For those of you who watched VGTV yesterday, this was the second dish I served, in addition to palak paneer. When there is a party menu, it is clear that daal makhani must be included. Daal is a common word for lentils and beans. Thickness is crucial for whether they should be soaked or not. Daal is a very useful protein supplement and contains slow carbohydrates. These are called Urid in Hindi and English and do not have a Norwegian name as far as I know. Does anyone know?
Especially when it comes to this dish, the myth that it takes a long time to cook Indian food is true, these have to be soaked; preferably overnight.
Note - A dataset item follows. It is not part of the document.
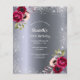 On front: An invitation for a 50th birthday party. A dark faux silver metallic looking background. Decorated with dark purple and burgundy and rose pink watercolored flowers. Templates for a name and party details. The name is written with a hand lettered style script, light grey coloured letters. Perfect for a winter party!

All kinds of daal and rice go together like hand in glove, and together they are a complete meal with amino acids, protein and carbohydrates. If you are in the healthy corner, you can try brown basmati rice.
This is so irresistible, ask any Punjabi (person from Punjab).
You need:
400 gr Urid lentils
Water
2 tbsp ghee/oil
1 fresh chili pepper
1 clove garlic
1 salt or chili powder
SAUCE (TARKA)
4 tablespoons ghee
1/5 tsp hing dowel dragee
1 tsp jeera cumin
100 gr. onion
2 cloves garlic
(1 green chili)
100 g tomatoes
2 tablespoons grated ginger
1/3 tsp ground nutmeg
season with salt
1 tsp garam masala
2 tablespoons finely chopped coriander
- Rinse the lentils well and soak them overnight in double the amount of water. Do not throw away the water, boil the lentils and water together with ghee, salt and chili until tender (15-20 min in a pressure cooker).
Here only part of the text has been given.